# Training Course



## jerbla (Nov 13, 2017)

Just spent a great day refining my self taught skills at Origin Coffee Coffee roasters London shop.

It was the Barista Foundation course run by the SCA. It was superbly delivered by Dan O'Regan. Great kit to play with: Linea machines with al the electronics and some lovely Mythos grinders ( I know understand why people rave about them ).

More confident and also importantly refined in my approach.

Big Thumbs up to Origin ( who also do some great coffees ) for their delivery, passion and enthusiasm.


----------



## les24preludes (Dec 30, 2017)

I'd be interested in a course, but I'm reluctant to pay £190 which is what I was quoted for a day's event. Are there days courses which are under £100? Or other economical ways to practise some skills?


----------



## Jon (Dec 3, 2010)

les24preludes said:


> I'd be interested in a course, but I'm reluctant to pay £190 which is what I was quoted for a day's event. Are there days courses which are under £100? Or other economical ways to practise some skills?

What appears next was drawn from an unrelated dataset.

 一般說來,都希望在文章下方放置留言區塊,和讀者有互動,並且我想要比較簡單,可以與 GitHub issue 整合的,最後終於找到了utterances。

Find a friendly local experienced forumite. Take £50 worth of beans to their gaff. Winner.


----------



## Mrboots2u (May 10, 2013)

les24preludes said:


> I'd be interested in a course, but I'm reluctant to pay £190 which is what I was quoted for a day's event. Are there days courses which are under £100? Or other economical ways to practise some skills?

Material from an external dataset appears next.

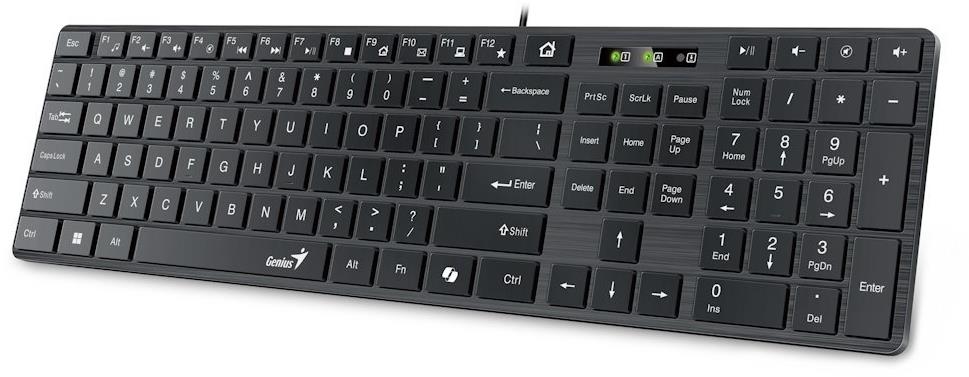Klávesnica – drôtová, česká a slovenská lokalizácia, membránový spínač, formát klávesnice 100 %, čierna, 43,14 × 2,24 × 11,74 cm (Š×V×H) Ak píšete dlhšie texty, budete potrebovať klávesnicu bežnej veľkosti. Viac miesta spoločne s lepšou odozvou sú nespochybniteľné plus. Ako prvé budete hľadať správny model podľa určenia. Genius Slimsta

Perhaps one on one training with someone like @Glenn


----------



## jlarkin (Apr 26, 2015)

les24preludes said:


> I'd be interested in a course, but I'm reluctant to pay £190 which is what I was quoted for a day's event. Are there days courses which are under £100? Or other economical ways to practise some skills?


Whereabouts are you looking. I doubt you could get a day for under £100 but people might know of some courses which are shorter and a bit more economical. Is it espresso based you're looking for?


----------



## jerbla (Nov 13, 2017)

arguably I overspec'd my refinement process as this was a course aimed at those wanting to enter the industry, following the SCA approach. I found the structure and environment very professional, helpful and effective.

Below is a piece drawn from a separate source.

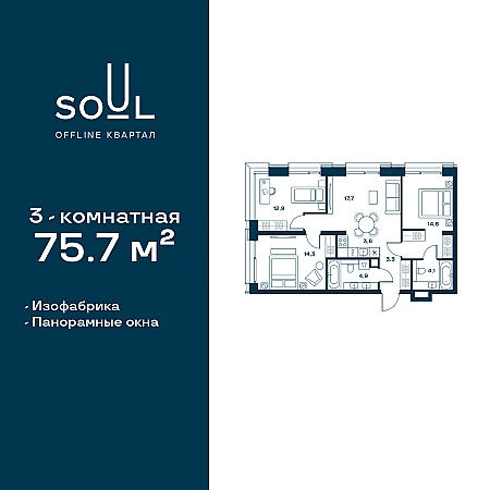 Купить 3к квартиру 75 м² в ЖК Soul (Соул)

I agree that there are other ways to develop skills, and I felt comfortable with the "formal" qualification route which may not be everyones wish or target. The other approach as @Jon has rightly suggested is to seek advice from others in this knowledgeable community.


----------



## Glenn (Jun 14, 2008)

Certainly a number of options, ranging from £85 upwards

Location is important - if we know where you are we can point you in the right direction


----------



## jerbla (Nov 13, 2017)

@Glenn, where are you located?


----------